You are almost exactly halfway to some really good sandwiches. Now just go out there and smoke your hear out. And keep the Qview flowing.


----------



## lownslow (Jun 26, 2010)

Made some pan gravy from the pan I seared them in (chicken stock, garlic, flour, bacon fat, black pepper, salt) and some mashed spuds and a salad.  The juice in the bottom right is from the cutting board, juicy and flavorful meat.  It is a tough cut so sliced thinly it still has a little chew, but in a good way.
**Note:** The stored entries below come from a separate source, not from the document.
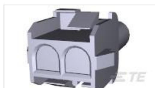
TE 产品编号1-480699-0 02P UMNL CAP HSG NATL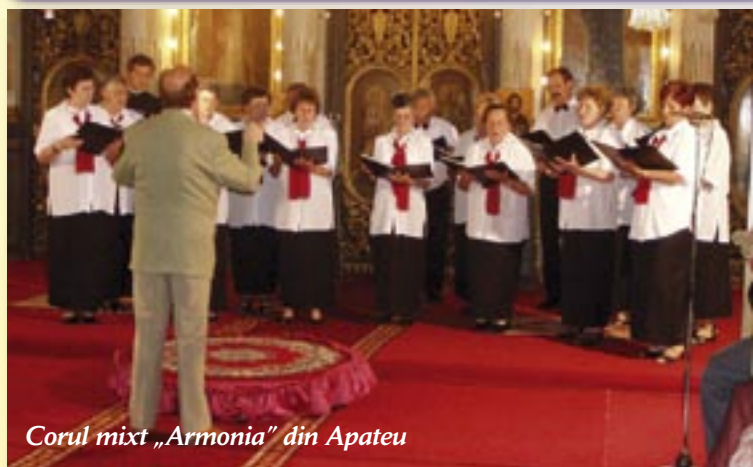
Corul mixt „Armonia” din Apatou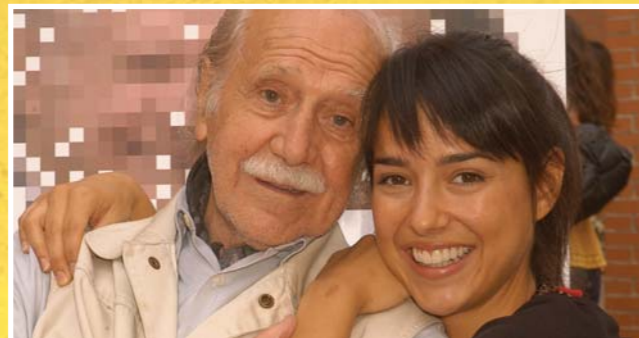
Cristina Brondo (Ana)

Filmography: Elsa y Fred (2005), Incautos (Swindled) (2003), Lázaro de Tormes (2000), Todos a la cárcel (Everyone Off to Jail) (1993), Amanece que no es poco (1988), El año de las luces (The Year of Enlightenment) (1986), Atraco a las tres (1962), Plácido (1961), ¡Bienvenido Mr. Marshall! (Welcome, Mr. Marshall!) (1952) - nearly 180 films in all. Alexandre has received various awards, including an honorary Goya in 2003.

Sandwiches tomorrow with some horseradish mayo, can't wait.


----------



## lownslow (Jun 26, 2010)

Forgot to say I took to 130 internal and let rest before carving.


----------



## lownslow (Jun 27, 2010)

Sliced for sandwiches:







Lunch = horseradish mayo, parsley, parmesan, lettuce, salt and pepper, and good bread.  Can't get meat like that in the store, so much more flavor.  I also chopped up some of the bacon that was on the roast.


----------



## rbranstner (Jun 27, 2010)

Man that looks great.


----------



## fourthwind (Jun 28, 2010)

Looks awesome!  might have to pick me up a roast..  I have a garlic mayo that would be awesome for that.


----------



## smoke_chef (Jun 28, 2010)

First of all.... Dang that looks good!!!!!!   That ain't no Arby's roast beef. I mean Dang... Dang... that looks good.

Okay... now that the praise is over and the drool is whipped off my chin... I have a question.

I have a food saver vac pack... and the little booklet that came with it has long since disappeared. But, I thought for sure that when I first got it, it told me not to vac pack wet items. I think it said everything should be dry or frozen solid first? Do we just have different models maybe? Or, have I just been thinking wrong these last couple of years. Also, I guess the vac pack helps suck the juices in to the meat? Has anyone weighed in on the science behind that? I'm not saying it doesn't. I'm just not sure if it works that way? I look forward to your feedback.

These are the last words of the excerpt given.